Untitled-1It’s taken sixteen movies for the Bond franchise to finally understand who James Bond really is, and how the life he leads affects the people around him. We’ve seen him seduce the ladies, and defeat the bad guy, and do some skiing and diving in the middle, but we’ve never been able to penetrate his exterior. The women he sleeps with are standalone flings; the bad guys he kills are megalomaniacs with preposterous hideouts and henchmen; the car chases he tries to survive are always too long and pointless. Now, finally, he seems more like a man living in a real world than a cardboard cutout propped up in a fantasy land.

He is played by Timothy Dalton again, who is still more serious than he should be, but in Licence To Kill, the world he inhabits is equally serious. Maybe even more so. Everything is brought down to ground level; the villain doesn’t want to steal nuclear submarines and dominate the world. He wants to run his drug empire happily and without interference. The movie still gives us amazing stunts — this one sees Bond hooking a cable to the tail fin of a plane from a helicopter, in mid-air, and performing wheelies with the front portion of an eighteen-wheeler — but they have a reason for being so amazing. Everything Bond does is a result of an action, or an event, and there is hardly a wasted minute, yes, not even when the villain’s frontman (a rather optimistic television preacher) falls victim to seductive treachery.

The entire movie just works. It has all the usual Bond elements, but they’re given weight and depth. The plot is lovely and easy to follow. The villain is superbly crafted in the form of Franz Sanchez (Robert Davi), a smooth and ruggedly charming Caribbean drug dealer who owns an entire bank, casino, and a president. His secret hideout is a gorgeous piece of architecture that’s vast, made of stone, and given the fiery touch of an Aztec complex. There is a great gadget from Q Branch that involves the handgrip of a camera, some rods and barrels, and when you put it all together, it becomes a sniper rifle. The handle is also coded to Bond’s palm, which means only he can fire it (no doubt, Skyfall was inspired by this). Q is no longer just a servant; he’s given much more screen time as a field operative, and it’s a joy watching Desmond Llewelyn run around in all sorts of disguises. And what of the Bond Girls. My my. In The Living Daylights, we had to sit through two hours with one underwhelming sidekick, who cared more about her cello than the welfare of Bond. But here, we are treated to two beautiful women who are not only fighting for Bond’s love, but for ours as well (one of them, played by Talisa Soto, has skin as smooth as a baby’s bum).

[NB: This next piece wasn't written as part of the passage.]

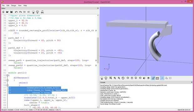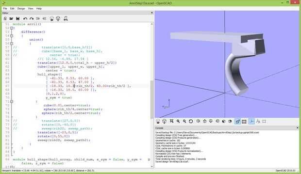 Ahora apagamos el STL y partes de la recreación OpenSCAD para afinar la articulación entre la costilla y el bloque de la nariz. Este es otro ejemplo del poder del casco. Utilizar el módulo de hull_shape con múltiples formas y se aplica una matriz que determina el punto en el que cada forma. Esto nos permite crear una superficie redonda que más o menos perfección las transiciones de la costilla a la nariz. Observe que ahora hay esferas en dos esquinas (cuatro después de aplica la simetría).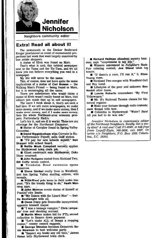 Jennifer Nicholson is community editor of the Northeast Neighbors. Really. Got a story idea? A real one? Call 771-8507, or toll-free from Lugoff-Elgin, 768-2626, ext. 8507. Or write c/o Neighbors, P.O. Box 1333, Columbia, S.C. 29202.

The way the script — written by Michael Wilson and Richard Maibaum — and director John Glen handle the two Bond Girls is clever enough to make them both seem like intellectual human beings, with feelings, instead of a couple of bedspreads on which Bond can unload his burden. They are smart girls, but deadly, and for once, they meet each other. There’s a rivalry between them that none of the previous Bond Girl pairings ever had. Bond loves them both, but unlike before, he has to choose one, and only one. The choice is his, not theirs. It’s great stuff.

The script is also good at giving 007 a very human side. The franchise has reached a point where Bond is like a printmaking press; he is the same mold, over and over again, pressed onto different fabrics. He is without character. He is the womaniser, the fighting champion, the mastermind, the smooth talker, the Martini drinker, the suit wearer. Only the villains change. But this time, he is given the luxury of operating outside his duty, seeking vengeance for a friend. He almost gets killed by his own people because of this. As one of his fellow Brits tells him, “You’re a rogue.”. Again, this is great stuff. We’ve seen Bond resign before, but never with a valid reason.

So combine everything together, and accept the fact that 1) Dalton makes a good Bond, 2) Sanchez makes an excellent villain, 3) Lupe and Pam Bouvier make the perfect Bond Girls, 4) a Bond plot doesn’t have to be ludicrous to be great, and 5) you can still have the crazy stunts as long as you know why you need them. Not since The Spy Who Loved Me has a Bond movie expressed so much desire to press on into new territory while still maintaining the essence of 007.

Best Moment | That old Matrix guy’s head exploding in the pressure chamber, among others.

Worst Moment | I wasn’t a fan of Bond’s eighteen-wheeler flipping onto its side and riding over a jeep. That’s just cray. And also, that slow-motion bit in the opening scene, as Leiter and his DEA dudes are running, doesn’t really fit.